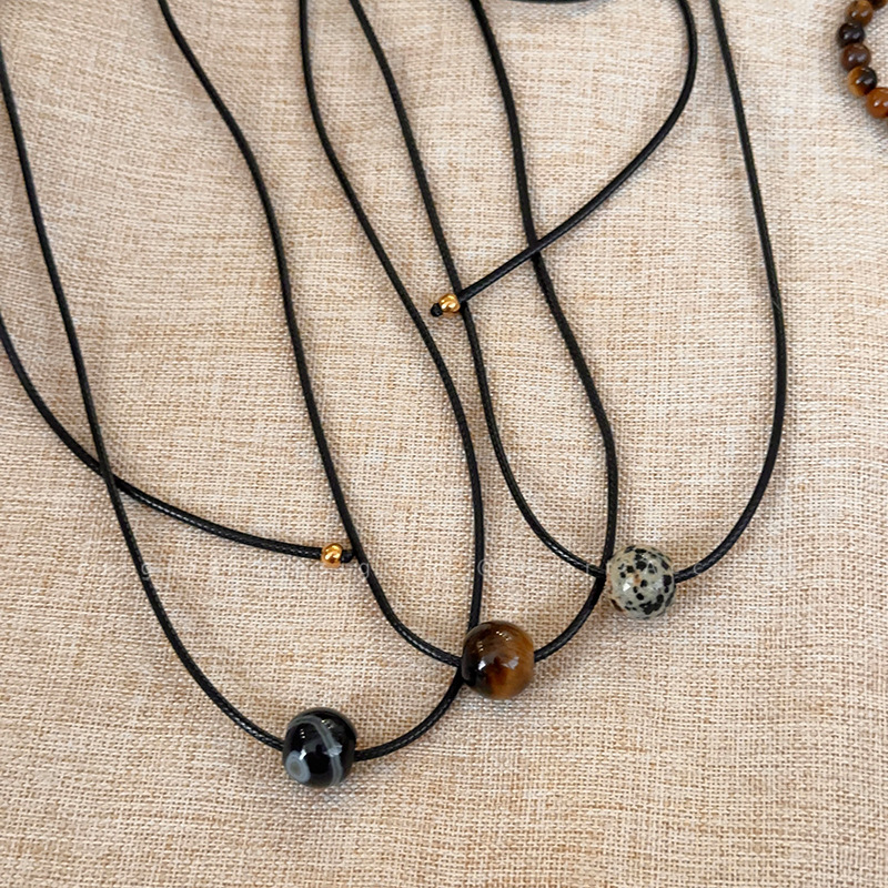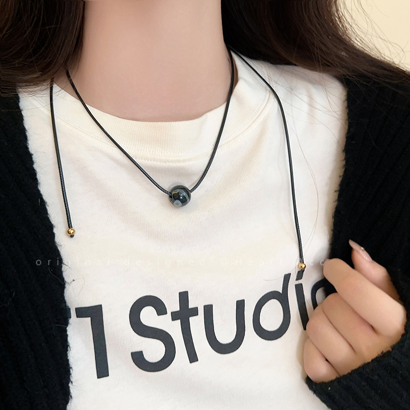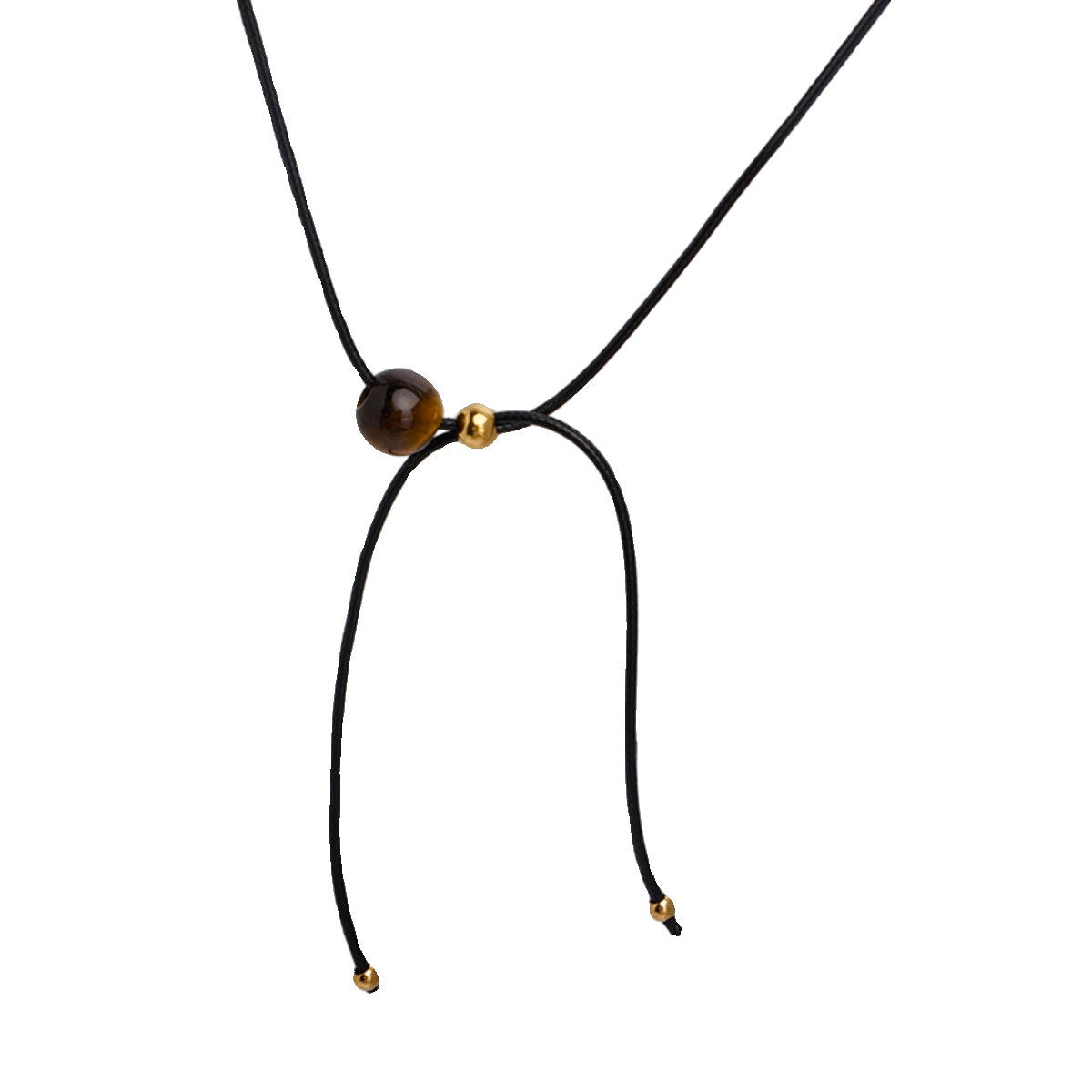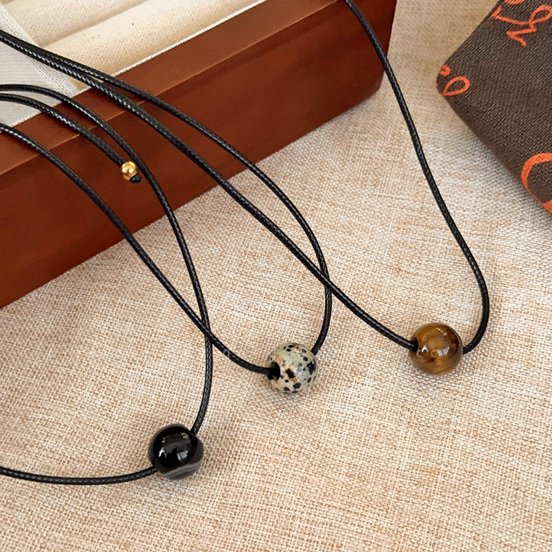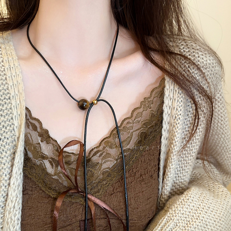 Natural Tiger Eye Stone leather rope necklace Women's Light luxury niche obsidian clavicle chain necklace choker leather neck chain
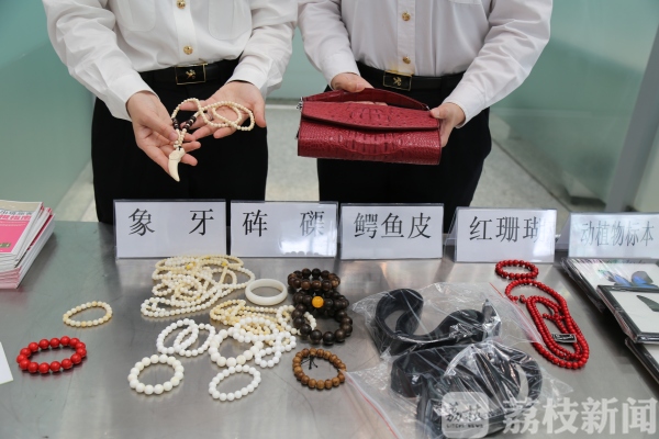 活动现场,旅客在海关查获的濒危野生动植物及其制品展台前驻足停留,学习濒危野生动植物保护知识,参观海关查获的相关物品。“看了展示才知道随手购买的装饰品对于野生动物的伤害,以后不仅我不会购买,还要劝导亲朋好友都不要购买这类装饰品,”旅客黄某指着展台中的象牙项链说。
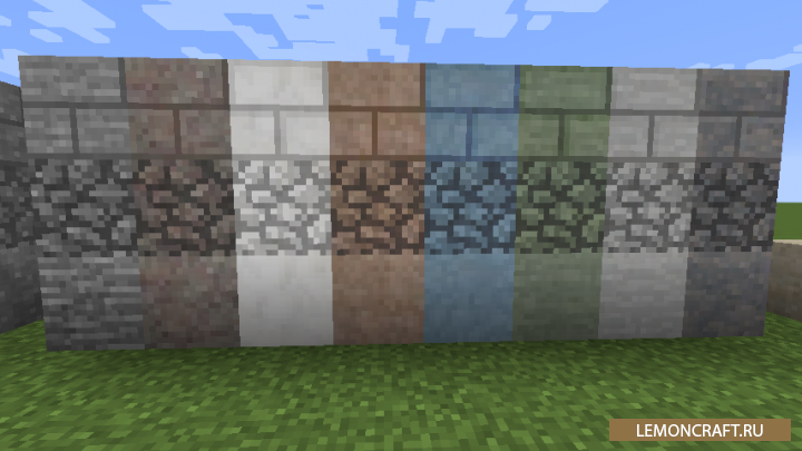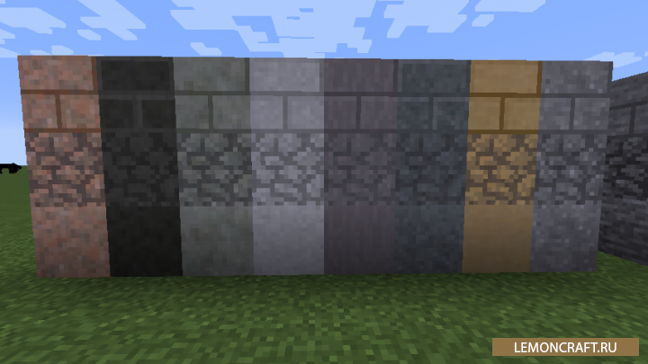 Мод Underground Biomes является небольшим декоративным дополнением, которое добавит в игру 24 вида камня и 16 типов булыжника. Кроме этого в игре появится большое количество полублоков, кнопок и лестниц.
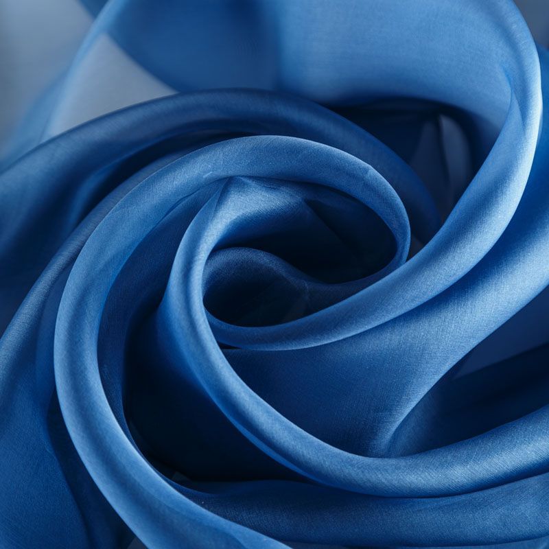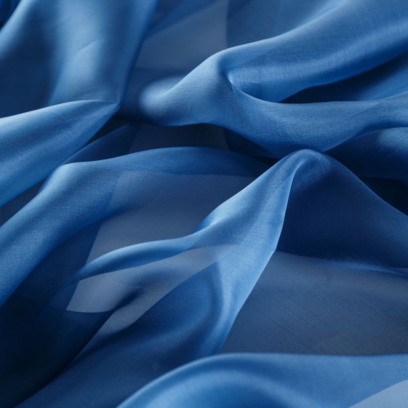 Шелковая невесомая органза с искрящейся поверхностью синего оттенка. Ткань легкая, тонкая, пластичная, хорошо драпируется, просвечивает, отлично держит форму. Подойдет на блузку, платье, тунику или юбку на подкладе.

■ ■ ■ ■ ■ ■ ■

_Exercise aim_
Only the lines from the top of the data through the line with "Мод Underground Biomes" should be quoted, exactly and with both ends kept; skip the pictures.

_Solution below_
 Natural Tiger Eye Stone leather rope necklace Women's Light luxury niche obsidian clavicle chain necklace choker leather neck chain
 活动现场,旅客在海关查获的濒危野生动植物及其制品展台前驻足停留,学习濒危野生动植物保护知识,参观海关查获的相关物品。“看了展示才知道随手购买的装饰品对于野生动物的伤害,以后不仅我不会购买,还要劝导亲朋好友都不要购买这类装饰品,”旅客黄某指着展台中的象牙项链说。
 Мод Underground Biomes является небольшим декоративным дополнением, которое добавит в игру 24 вида камня и 16 типов булыжника. Кроме этого в игре появится большое количество полублоков, кнопок и лестниц.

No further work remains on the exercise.